Wednesday, September 20, 2006

A middle-school student wears a T-shirt to his public school with images of President George W. Bush, lines of cocaine and a martini glass. The student, who had obtained the T-shirt at an anti-war rally, wears it to school on many occasions without disruption. However, another student and a parent complain to school officials, who eventually discipline the shirt wearer.

These facts form the backdrop to a case from Williamstown Middle School in Vermont that ended up in a New York City-based federal appeals court. The 2nd U.S. Circuit Court of Appeals ruled Aug. 30 in Guiles v. Marineau that school officials violated the First Amendment when they punished student Zachary Guiles for his T-shirt. According to the 2nd Circuit, the student’s shirt was not “plainly offensive.”

The decision raises several interesting questions important to school administrators, teachers, students and parents. Perhaps foremost among these questions is one that now divides the federal appeals courts — what is “plainly offensive” student speech?

In the Vermont case, the 2nd Circuit determined that “the images depicted on Guiles’s T-shirt are not plainly offensive as a matter of law.”

“Plainly offensive” in this context refers to the U.S. Supreme Court’s 1986 decision Bethel School District No. 403 v. Fraser. In that decision, the Court ruled 7-2 that public school officials could punish a high school student for delivering a speech littered with sexual innuendoes to the student assembly. The Court wrote: “Surely it is a highly appropriate function of public school education to prohibit the use of vulgar and offensive terms in public discourse.”

In the 2nd Circuit decision, the school officials argued that images of cocaine and alcohol were not socially appropriate for middle-school students. A federal district court agreed in 2004, concluding that such images “are an inappropriate form of expression for … middle school.”

However, the 2nd Circuit interpreted the rule from Fraser differently. It noted that many lower courts had interpreted Fraser as giving school officials authority to prohibit student speech that is vulgar, lewd, indecent or plainly offensive. “Courts that address Fraser appear to treat ‘plainly offensive’ synonymously with and as part and parcel of speech that is something less than obscene but related to the concept, that is to say, speech containing sexual innuendo and profanity,” the 2nd Circuit wrote.

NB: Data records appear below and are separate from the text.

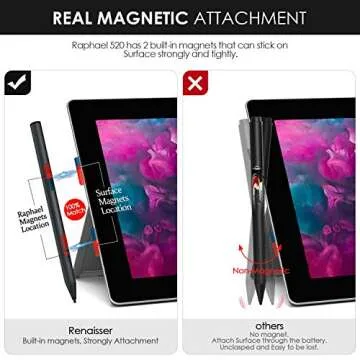 Show moreIf you are seeking a versatile stylus that enhances your creative and productivity experience, look no further than the RENAISSER Stylus for Surface Pro/Go. This exceptional tool is not just a pen but a game-changer designed specifically for Surface devices including Surface Pro 3 through 7, Surface Go, Surface Book, and more. With its streamlined shape, it fits comfortably in your hand, making it perfect for long drawing sessions or note-taking marathons. Equipped with 4096 pressure points, the stylus delivers precise control over your strokes and artwork, ensuring a seamless transition between light and bold lines. The magnetic attachment allows for convenient storage on the side of your device, keeping it within easy reach while also lending an air of sophistication to your setup. Quick to recharge and featuring palm rejection technology, this stylus is designed to keep pace with your lifestyle, providing efficiency without sacrificing quality.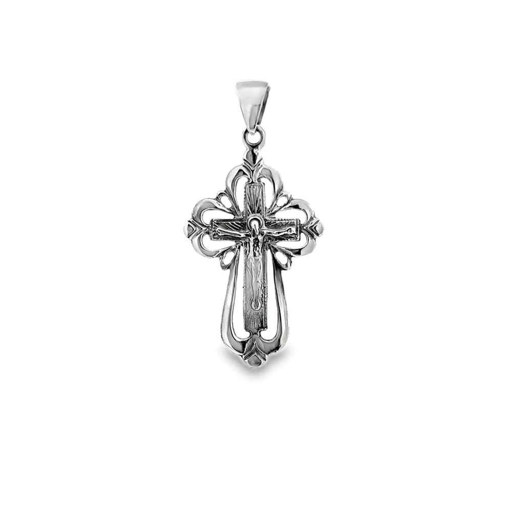 Православен сребърен кръст от колекция Sevar. Бижуто е с разпятие на лицевата страна. Кръстът е с прецизна и детайлна изработка и фабрична оксидация, която подчертава релефните декоративни елементи.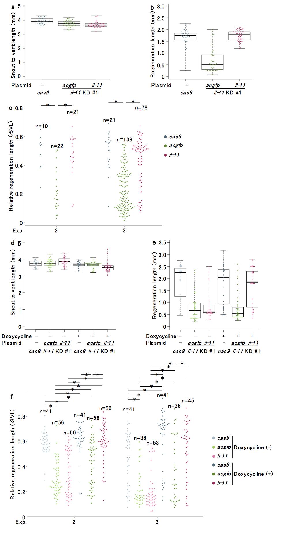 Supplementary Figure 5 Analyses of il-11 forced expressed il-11 knocked-down tadpoles. a, b, d, e, Snout to vent length (SVL, a, d) and regeneration length (b, e) used for calculation in Fig. 3j (a, b) or Fig. 3x (d, e) are shown. c, f, Biological replicates for Fig. 3j (c) or Fig. 3x (f) using different batches of tadpoles are shown. Box plots are inserted in the panels. Bars in the boxes represent median, upper and lower limits of the boxes represent the first and third quartiles, and whiskers represent maximum and minimum values.*P < 0.05, Tukey-Kramerâs test. |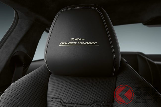 インテリアにおいては、ヘッドレストにエディション・ゴールデン・サンダーと欧文でレタリングが施され、金色の専用インテリア・トリムを採用。また、Bowers&Wilkinsダイヤモンド・サラウンド・サウンド・システムが標準装備され、美麗でクリアなサウンドとあいまって、室内においても特別感が演出されている。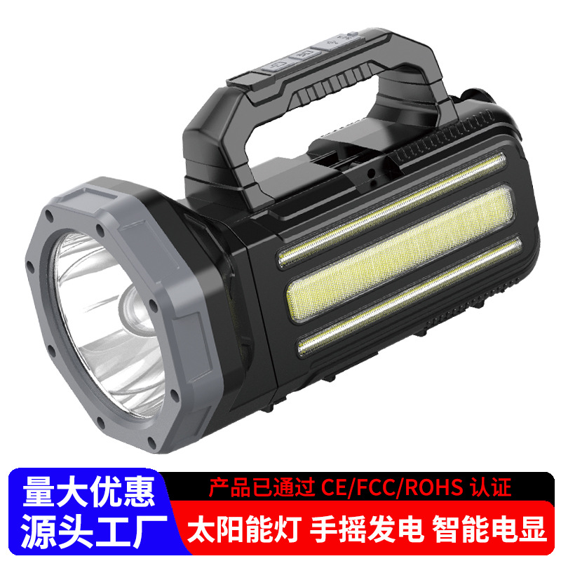 Lampu led portabel tenaga surya multifungsi, lampu berkemah luar ruangan tahan air dapat diisi ulang, tembakan panjang portabel, senter cahaya kuat COB
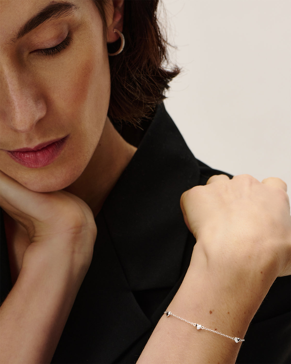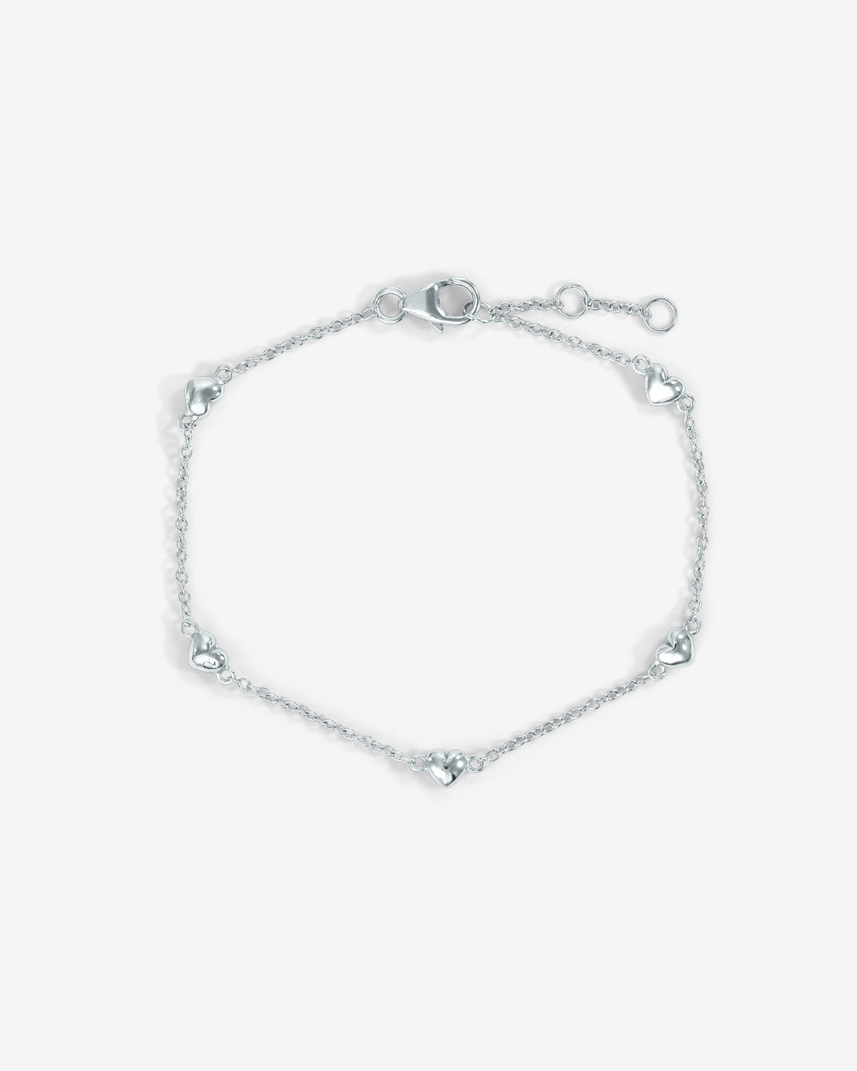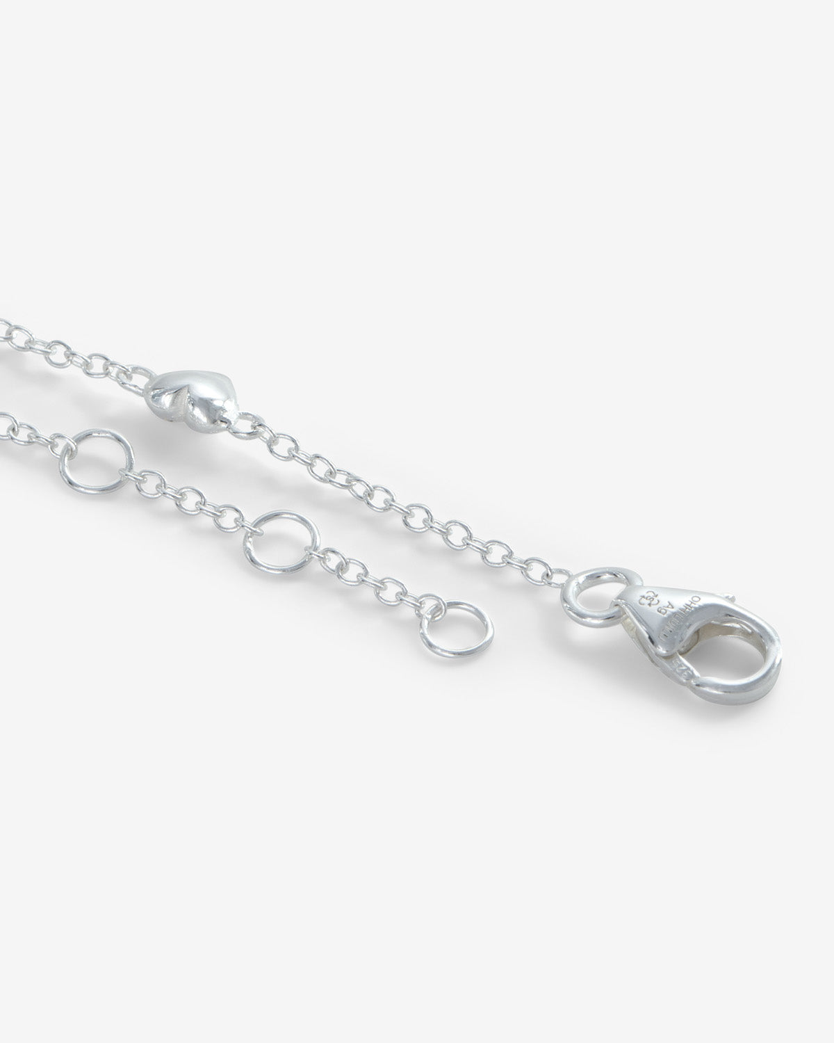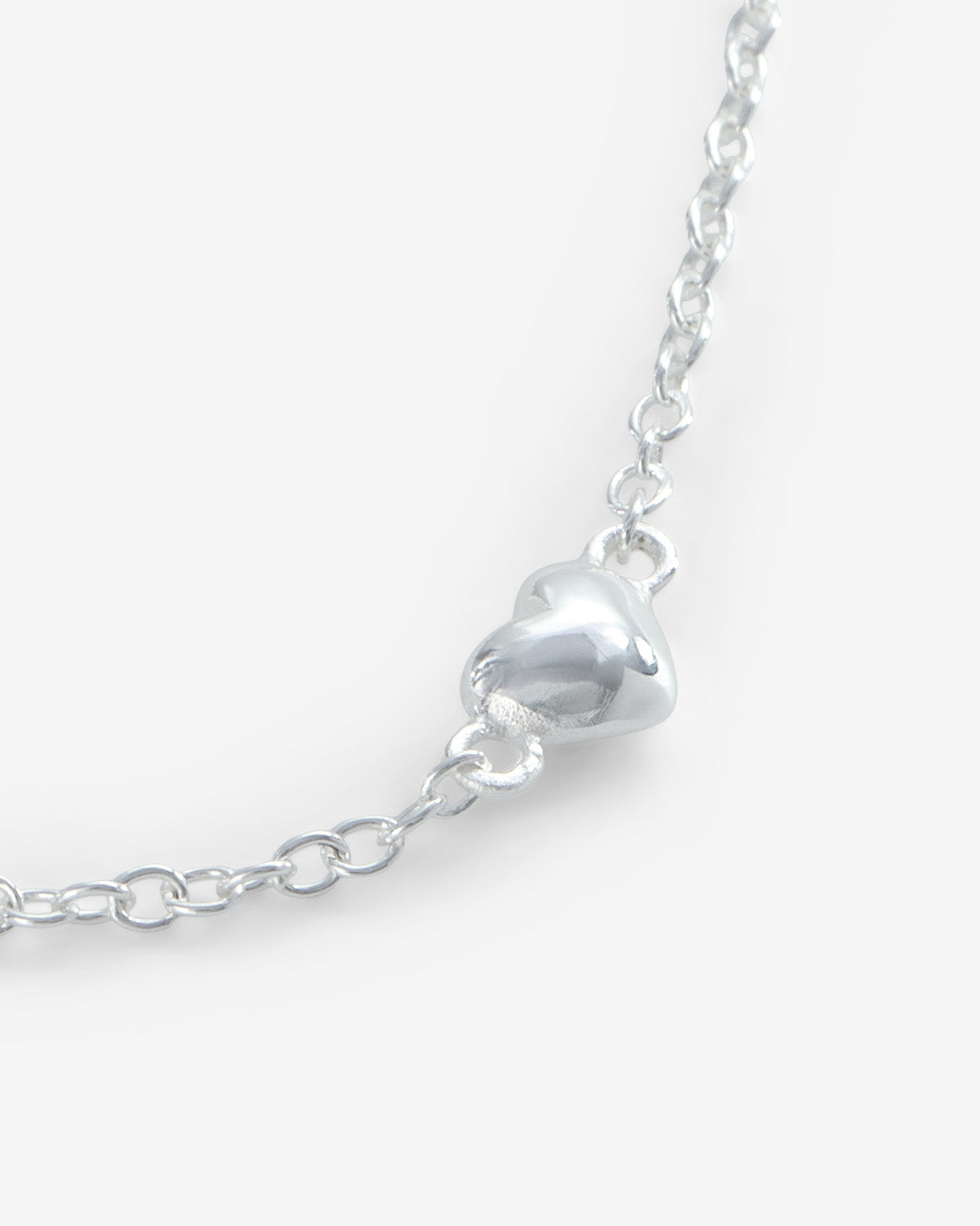 Das Mini Love Path Armband setzt auf eine zarte Kette mit kleinen Herzdetails, die wie eine feine Linie das Design prägen. Das kühle Silberfinish unterstreicht die klare Form und sorgt für eine frische, leichte Wirkung. Locker am Handgelenk getragen, wirkt das Armband zurückhaltend, aber nicht unauffällig – filigran, verspielt und angenehm modern.

In the T-shirt case, the shirt’s message was more akin to political speech, as in the Supreme Court's famous 1969 black-armband decision Tinker v. Des Moines Independent Community School District, than to the sexual speech at issue in Fraser.

According to the 2nd Circuit, if a court were given power to prohibit any student speech that was plainly offensive, then students would not be able to wear any anti-war clothing. Under a broad reading of “plainly offensive,” the black armbands in Tinker could be banned because they were plainly offensive to the patriotic sentiments of school officials.

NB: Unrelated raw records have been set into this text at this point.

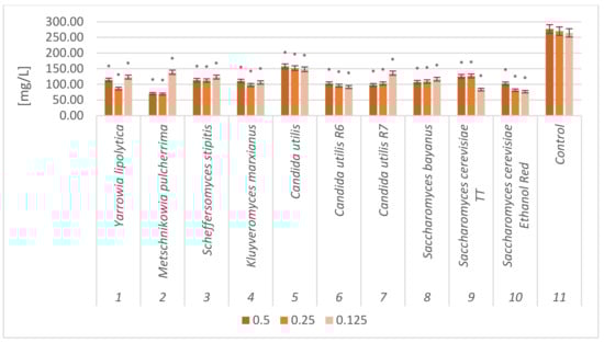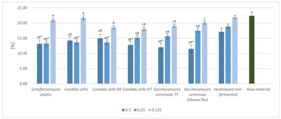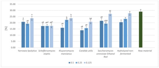 - Dygas, D.; Janicka, P.; Berłowska, J.; Kręgiel, D. Conventional and Unconventional Yeasts Able to Grow on Rapeseed Meal Hydrolysates. BioResources 2022, 17, 3082–3094. [Google Scholar] [CrossRef]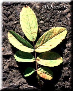 2. Leaves with 5-7 pinnately compound leaflets. The leaves are about 1.5 to 4 cm long. The leaflets are ovate and with toothed margins.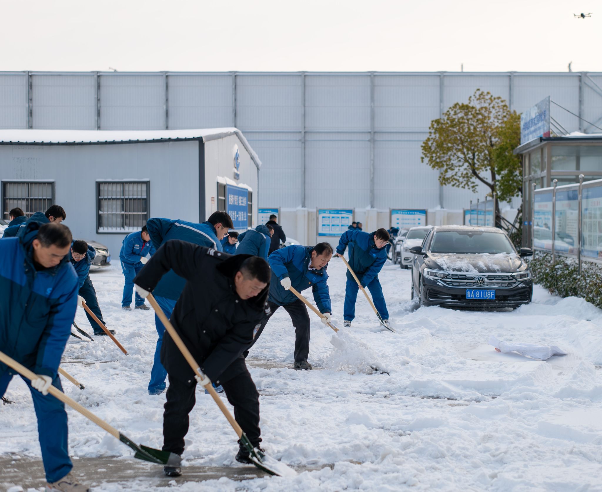面对积雪可能导致厂内车辆通行受阻、出入通道不畅、员工出行安全隐患陡增的局面,滁州发电公司临时党委高度重视,领导班子成员率先垂范、靠前指挥,带头拿起工具奔赴积雪区域。党员突击队立即行动,顶风冒雪,不畏严寒,重点对厂区主干道、临建办公区、巡检通道、检修楼周围及通往生产区域的路段进行集中清扫。凛冽寒风中,队员们分工协作,配合默契,有的奋力铲除压实积雪,有的细致清扫残余碎冰。经过一个多小时的连续奋战,厂区主要交通干道及生产保障通道的积雪被有效清除,为员工安全通行铺设了坚实的道路,也为恶劣天气下的调试和建设工作提供了有力保障,充分展现了党员的先锋模范作用。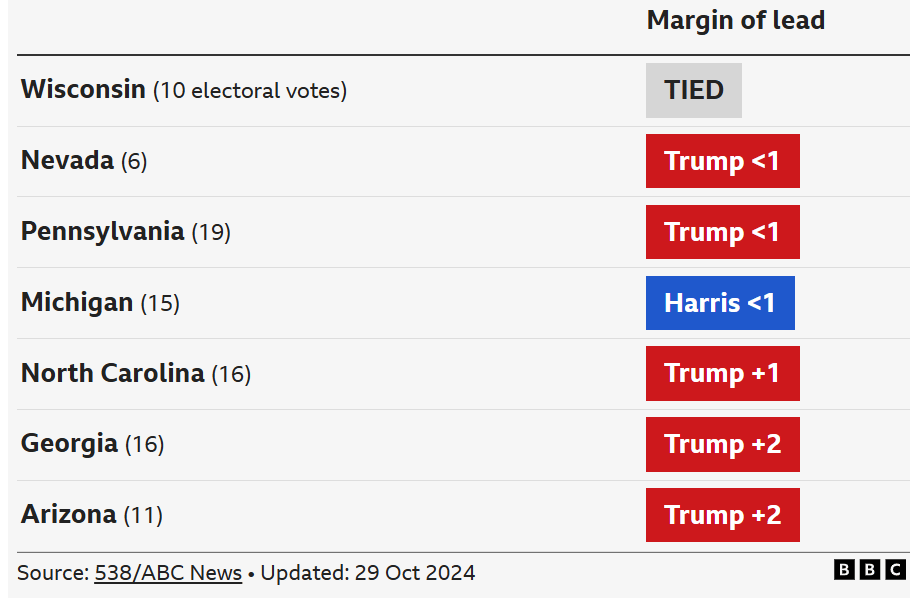 At the time of writing, Drift’s BET market predicts a 62% chance of a second Trump presidency. Polling in the swing states seems to back this up, however fine the margins are.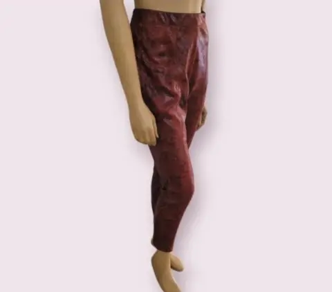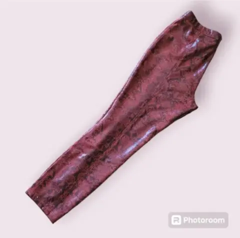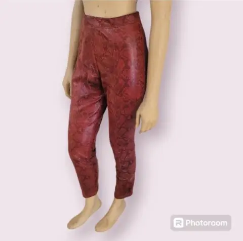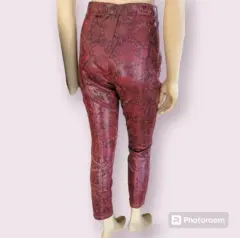 Pantalon Blank NYC para Mujer talla 28, color rojo con textura de vivora, tela elastica con cintura elástica, entubado, suave por dentro, mide 36cm de cintura, 47cm de cadera, 68cm de entrepierna, con 91cm de l

The 2nd Circuit decision agrees with the rationale of another ruling in a student-speech case that has caused even more controversy, the Frederick v. Morse decision from the 9th Circuit — better known as the “Bong Hits 4 Jesus” case. In that March 10 decision, the 9th Circuit determined that school officials violated the First Amendment rights of Joseph Frederick, a student who unveiled the “Bong Hits 4 Jesus” banner when an Olympic torch relay passed his Alaska high school. The 9th Circuit ruled that Fraser and its “plainly offensive” language did not apply: “The phrase ‘Bong Hits 4 Jesus’ may be funny, stupid, or insulting, depending on one’s point of view, but it is not ‘plainly offensive’ in the way sexual innuendo is.”

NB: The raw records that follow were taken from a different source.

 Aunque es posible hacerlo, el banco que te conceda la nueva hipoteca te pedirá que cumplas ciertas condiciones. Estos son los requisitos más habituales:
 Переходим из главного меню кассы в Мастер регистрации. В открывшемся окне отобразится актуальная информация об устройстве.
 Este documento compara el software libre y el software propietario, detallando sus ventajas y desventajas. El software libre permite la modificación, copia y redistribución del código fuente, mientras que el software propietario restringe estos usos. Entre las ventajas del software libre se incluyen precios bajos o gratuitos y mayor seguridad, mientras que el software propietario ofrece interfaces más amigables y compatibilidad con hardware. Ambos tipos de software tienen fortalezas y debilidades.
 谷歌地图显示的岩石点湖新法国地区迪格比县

The 2nd and 9th Circuits found that the Fraser rule applies to student speech that is vulgar or lewd or carries some sort of sexual connotation. They declined to apply the dictionary definition of “plainly offensive.”

The judges who made these decisions openly acknowledged that their rulings conflicted with the 6th Circuit’s determination of “plainly offensive” in its 2000 ruling in Boroff v. Van Wert City Board of Education. In that decision, Ohio public school officials punished high school student Nicolas Boroff for wearing a T-shirt featuring the shock-rocker Marilyn Manson with a three-faced Jesus with the words: “See No Truth. Hear No Truth. Speak No Truth” and the word “BELIEVE” with the letters “LIE” highlighted.”

Applying Fraser, a divided 6th Circuit panel determined that the T-shirt was plainly offensive. It promoted “disruptive and demoralizing values,” the panel majority wrote.

The division in the federal appeals courts, called a split in the circuits, makes it more likely that the Supreme Court could address this pressing legal question. A broad reading of Fraser means that school officials can silence student speech that is inconsistent with its basic educational mission and contrary to recognized social values. A narrower reading of Fraser means that school officials’ censorial powers are limited to sexually oriented, vulgar speech.

The Alaska school officials have already given official notification that they will appeal. An appeal in the 2nd Circuit case could be forthcoming, as well. If the Supreme Court takes one of these cases, it could answer the question of what is plainly offensive student speech within the meaning of Fraser. Much controversial student speech could hang in the balance.